I’m trying to punch up my own activity level. Last weekend I took a huge pile of branches from an overgrown shrubbery to task, bending and twisting and finally splitting the green wood, which needed tearing away from its supple bark to make the complete break. It was a Herculean task, one that didn’t really need doing, but I did it anyway. Then I broke them further and spent the afternoon burning the twigs and branches in my outdoor fireplace while drinking a beer.

Very satisfying, but my winter-soft muscles were sore for days afterward. Next week I will plant grass.

I need to get my own bike down off its inverted perch in the garage and put it to use again. I need to get on the trail, feel my legs again. Lately, all I feel of them is the pain from sitting too long, working too long, twisting my impatient legs in knots under my desk. I told my daughter we’d ride the trail together now that she’s a good rider, which scared her a little. But she’ll be fine.

She says she wants to cut her hair short for the summer. That’s a good idea.

We’ll take her to Colorado in June, to the Rocky Mountains. She can climb, breathe the thin air with us, pan for gold in the little stream beside the cabin. We’ll build fires at night, watch the stars from the deck. We’ll eat well.

My house is in order. My trees are trimmed. My clothes fit. It’s a good spring so far, and my home is happy. We are of this Earth, and we belong here. I was made to enjoy these things, and not to wonder at joy’s quotient.
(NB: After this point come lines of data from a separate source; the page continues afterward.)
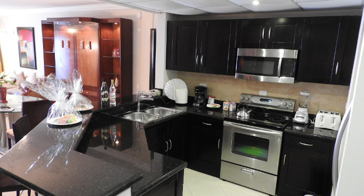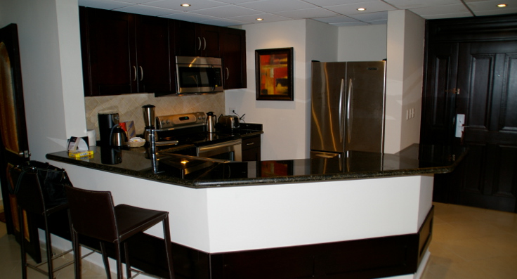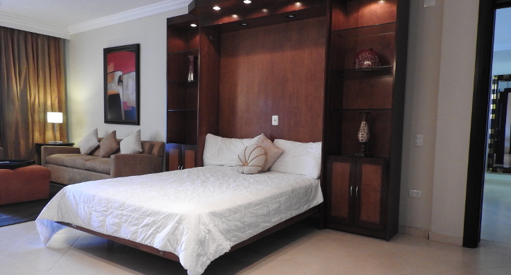 2 Bedroom Presidential Suites - Include Kitchen, 2 bedrooms, one of these rooms has a King size bed and bathroom with Jacuzzi tub and separate shower, the other, two Queen size beds with Jacuzzi tub and separate shower, and a Queen size Murphy bed contained in the large living area with private bathroom with Jacuzzi tub/shower. This configuration has a maximum occupancy of 8 guests.
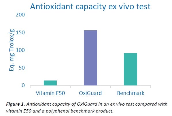 The effectiveness of OxiGuard was tested and validated in several studies. Below we present key validation results from our most important studies, demonstrating the proven antioxidant performance and reliability of OxiGuard. Figure 1 shows the antioxidant capacity of OxiGuard compared with vitamin E50 and a benchmark polyphenol product in an ex vivo red blood cell assay. In this test, red blood cells were stressed with light, and their half-life was measured and expressed in Trolox equivalents as the read-out parameter. A higher value indicates a better antioxidant capacity. The results demonstrate that OxiGuard outperformed both vitamin E50 and the benchmark product, indicating that OxiGuard provides a very strong antioxidant effect in this ex vivo model.
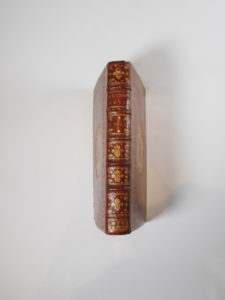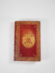 ALMANACH royal pour l'année 1727. Paris, la veuve.D'Houry. In- 8 mar. rouge titre dor. sur le dos à nerfs fleurdelisé et dor., dent. dor. encadrant les plats avec au centre armes frappées en or, doublé et garde de papier fantaisie, tr. dor.sur...
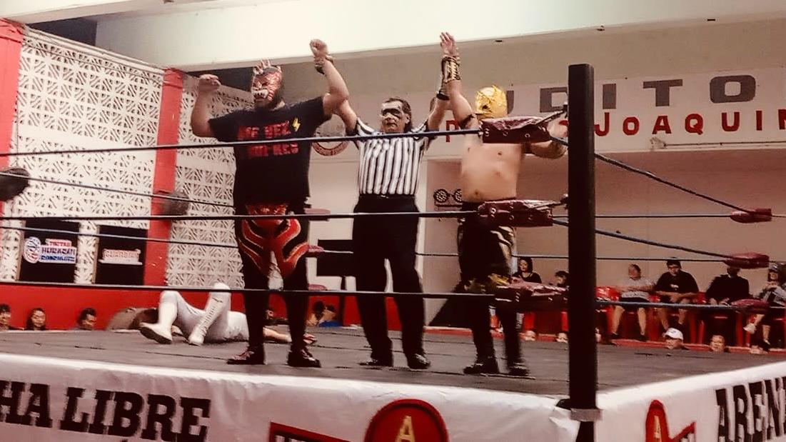 Pero en lo que fue su actuación en la Arena “Colonos” el sábado pasado, Máscara Año 2000 ex integrante de la facción de los -Hermanos Dinamita-, fue recibido de muy buena manera por los asistentes al inmueble de la zona de -La Cuchilla-, tanto así que junto a sus compañeros opacaron la localía de sus rivales en turno, que fueron los siempre temidos -Hijos de la Calle-, integrados por Corsario Jr., Tizoc y Rey Espartano.
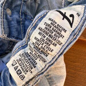 Distressed detailing on back pockets. Bottom to top = 9 inches, waist flat = 11 inches.
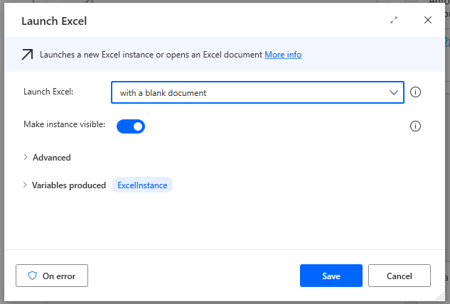 Launch Excel in Power Automate
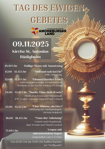 Am Sonntag, 09. November 2025 werden wir zum ersten Mal einen gemeinsamen Tag des Ewigen Gebetes in unserer Pfarrei St. Bonifatius Amöneburger Land anbieten. Dadurch soll das gemeinsame Gebet vor dem ausgesetzten Allerheiligsten gefördert werden, da die ursprünglichen Gebetstage in den einzelnen Kirchorten in den letzten Jahren schwer oder gar nicht mehr zustande kamen.
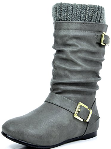 Your little angel will look very cute with a pair of this Dream Pairs girl's double buckles swearter boots. Pick from one of the assorted colors and mix and match with her favorite legging and sweaters for an adorable style. Full size only, please order half size up for loose fit.Feature
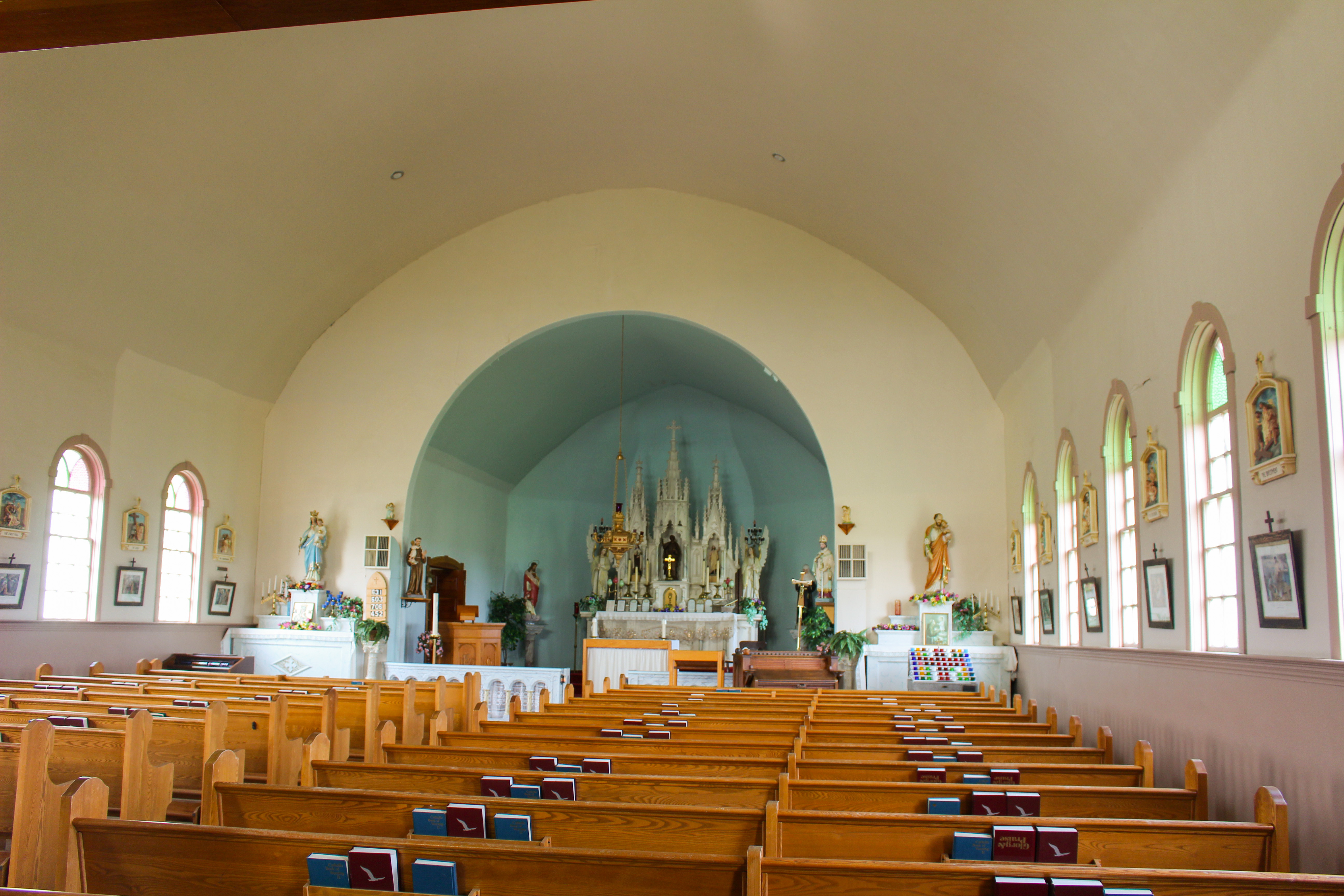 IMG_7254 Previous Next Published August 8, 2018 at 5184 × 3456 in St. Peter’s Roman Catholic Church This frame shows the pews inside the nave of the church. Note the apse in the western face of the church (paint blue in this frame). In this church, the chancel (or part of the church near the altar) is carpeted.

Wordsworth lamented, “The world is too much with us.” And it is. The idiocy of the world won’t stop just because I’m in a good mood. But he also knew that being at one with the real world–nature–was something to aspire to, even as the world of men continues to vie for our attention and tries its best to demonstrate to us our soul’s corruptibility, our body’s corporeality, and our great grand experiment’s utter futility.

Frost knew:

So was I once myself a swinger of birches.
And so I dream of going back to be.
It’s when I’m weary of considerations,
And life is too much like a pathless wood
Where your face burns and tickles with the cobwebs
Broken across it, and one eye is weeping
From a twig’s having lashed across it open.
I’d like to get away from earth awhile
And then come back to it and begin over.
May no fate willfully misunderstand me
And half grant what I wish and snatch me away
Not to return. Earth’s the right place for love:
I don’t know where it’s likely to go better.